京都競馬場の1大イベント、菊花賞の裏側でドコモが実施するトラヒック対策
トラヒックの増大には、SNS利用の増加のように競馬に限った話ではないものもありますし、コロナ禍で減っていた人流が回復傾向にあるという側面もありますが、競馬ならではの要因もあります。 それは、競馬を楽しむにあたってのスマホを使う場面が大きく増えたことです。まず、投票については、窓口で馬券(勝馬投票券)を購入するのではなく、競馬場に行ってはいても自身のスマホから投票するという人が増えました。また、投票にあたっての情報を入手するにも、かつてのように競馬新聞を買うのではなく、スマホでWebサイトを観たり、JRAや各種メディア、競馬YouTuberなどによる動画配信を観たりというのが中心となっています。

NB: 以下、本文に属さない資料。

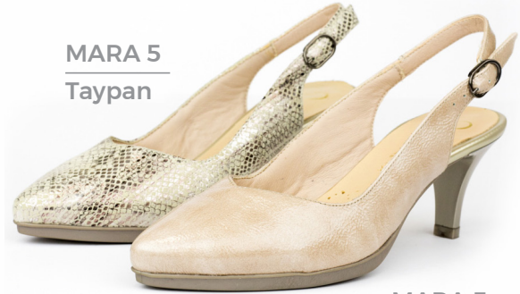
MARA 5 Taypan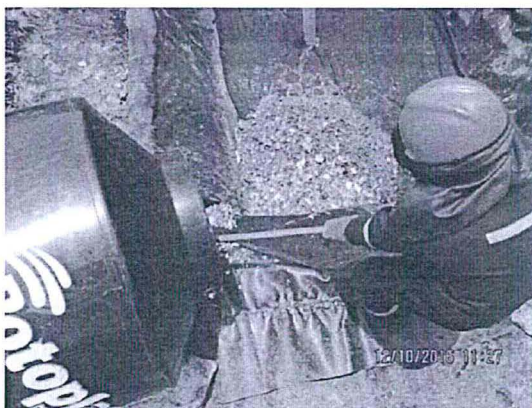
FOTO 3. Se muestra el momento en el cual los residuos sólidos son depositados en el interior de la trinchera sanitaria, nótese que la superficie se encuentra impermeabilizada con geomembrana de baja densidad.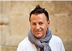
L'incredibile storia di Salvatore: diventa miliardario in un mese newsdiquality.it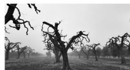
96 dpi LUCIA11.jpg 3867x1968 pixel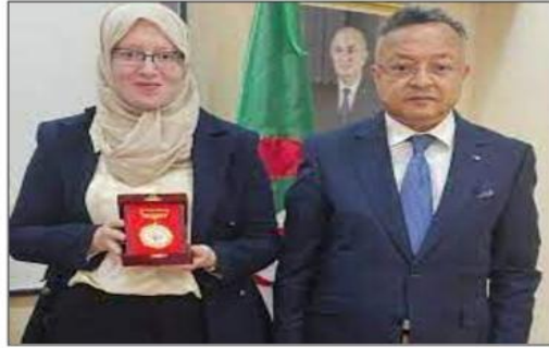
لشبهون بالجامعات الجزائرية وتطويرها وترقيتها لصف الجامعات الدولية.

كرم وزير التعليم العالي والبحث العلمي، كمال بداري، 23 مدير مؤسسة جامعية، تكريماً لهم، نظير تواجد جامعاتهم ضمن تصنيف «التايمز»، في طبعة 2024.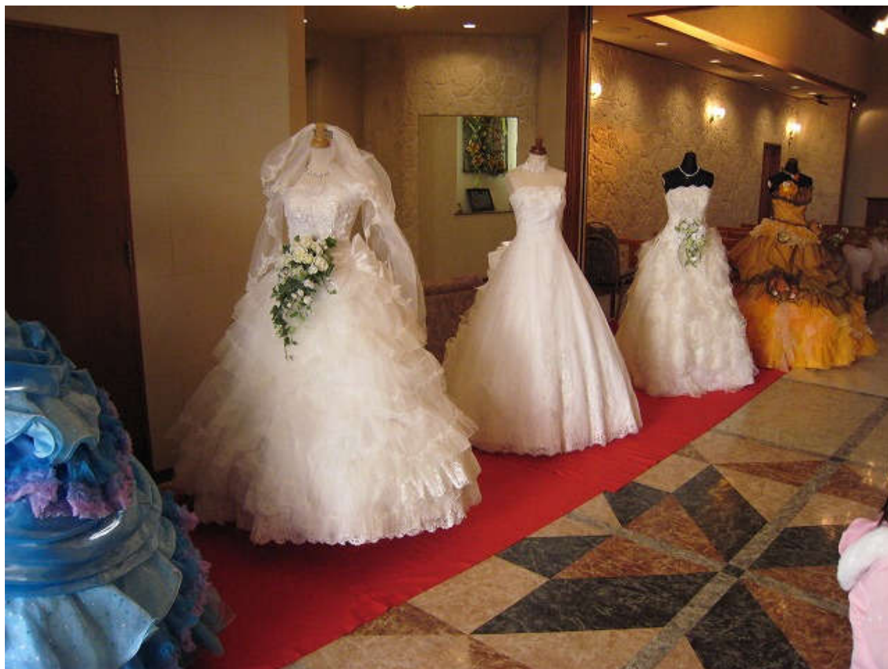
ホテル竹乃屋さんのチャペルでは、日向の『Wedding Salon・葩』さんが来られ、ウェディングドレスの試着をさせていただきますヨ♡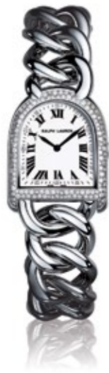
RALPH LAUREN STIRRUP Petite-Link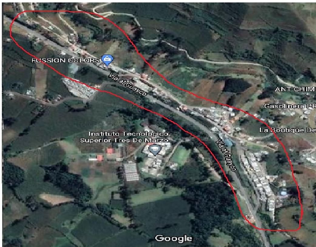
Ilustración 1. Ubicación del barrio Tamban.

El barrio Tamban perteneciente al cantón San José de Chimbo en la provincia de Bolívar,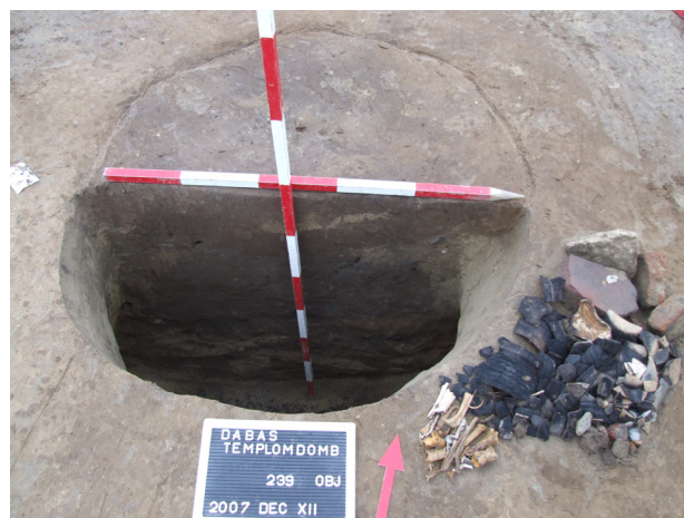
1. kép: A tűzvész előtt terménytárolóként használt méhkasos vermeket a pusztulás emlékeit őrző kormos hamus törmelékkel, paticsal és szeméttel töltötték fel.

Az általunk feltárt felületen két házcsoportot különíthetünk el, egyet a délnyugati, egyet az északkeleti részen. A közöttük elhaladó út a középkori templom felé tartott (2. kép). Az északkeleti házcsoport egyosztatú, földbe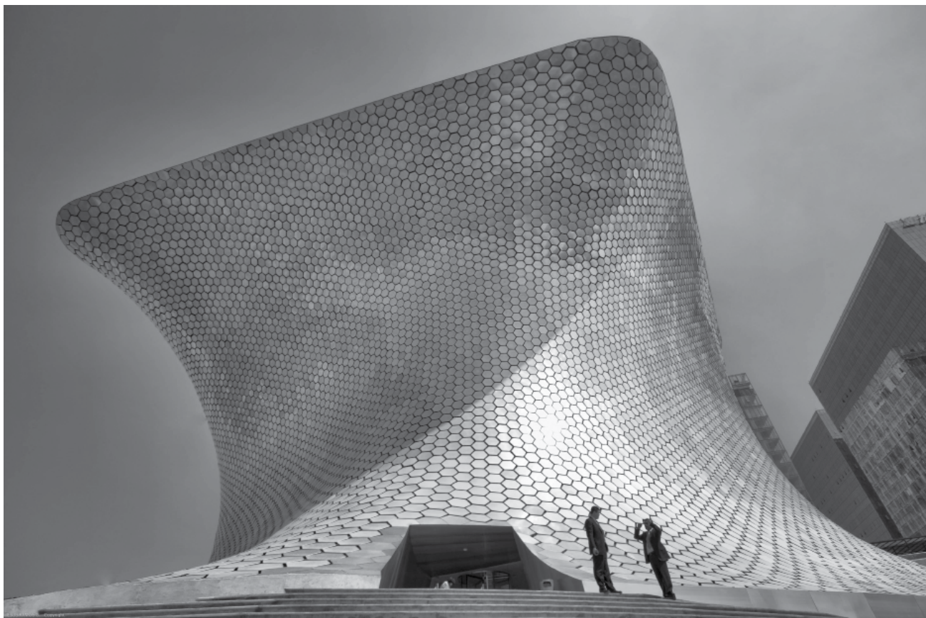
fachada del Museo Soumaya en La Ciudad de México.

convertido, sesión con sesión, en un espacio de libertad en el que cada voz es escuchada y valorada. Los participantes, entendidos como una comunidad de aprendizaje, 3 exploran las colecciones al tiempo que se reconocen como creadores de su propia experiencia y responsables de su proceso de interacción con el entorno.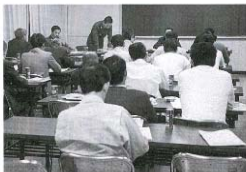
青少年の動向を聞く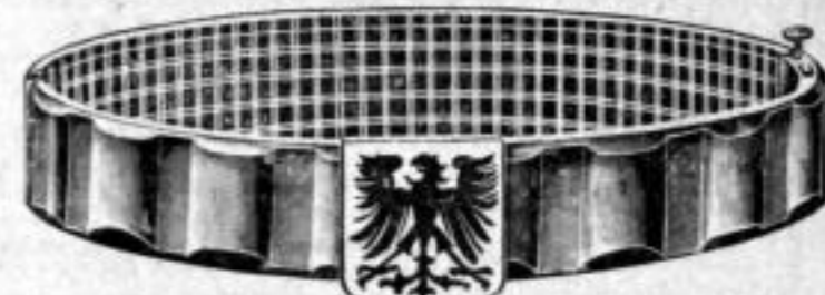
Nr. 532. Dtzd. Mk. LB,—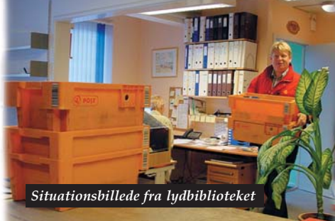
Situationsbillede fra lyd biblioteket

こういった投票や予想という行為が競馬を楽しむに当たって必須であるというのがひとつの難しいところです。花火大会や通常のスポーツ観戦、音楽フェスであれば、仮に通信障害があったところで、打ち上げられる花火を鑑賞したり、ひいきのチームを応援したり、ライブを楽しんだりするのに大きな支障はありません。SNS投稿も、あとで通信が回復してから投稿するということができるでしょう。 しかし競馬の場合、投票や予想というのがその楽しみの本質につながっています。とくに投票についてはお金がからむことだけに反応もシビア。「通信障害のせいで買おうと思っていた馬券が買えなかった、おかげで何万円も儲けそこななった」なんてことがあったらと考えると、ドコモが余裕をもってトラヒック対策を行おうとするのも当然と思えます。 ■今夏のイベント対策ではMassive MIMO Unitを積極活用 前置きが長くなりましたが、今回の菊花賞に際してのネットワークトラヒック対策は、なにも特別なものではありません。今回、対策の内容を説明してくれたNTTドコモ関西支社 ネットワーク部 ネットワーク計画 移動無線計画担当 担当課長の片岡広さんによれば、ドコモ関西支社ではこの夏、21の大規模イベントで臨時局の出動などのトラヒック対策を実施しているそうです。たとえば淀川花火のような花火大会、天神まつりのようなお祭り、サマーソニックのような音楽フェスなど。イベントの性質にもよりますが、花火大会であれば10万人くらいの人出を目安としているとのこと。 集客イベントにおけるトラヒック対策は年々強化されており、今年は全イベントで5G対応。移動基地局車は、キャパシティの大きいMMU(Massive MIMO Unit)を搭載した車両を1台用意し、MMUを搭載しない7台と合わせて計8台の体制としました。4Gについても、4Gの小セル化によりトラヒックを分散するマルチビームアンテナによる大容量化を行っているそうです。さらに花火大会など、スペースの制約がある場面にそなえ、可搬型のコンテナ5G基地局も5セット用意。これらをイベントにあわせて活用しています。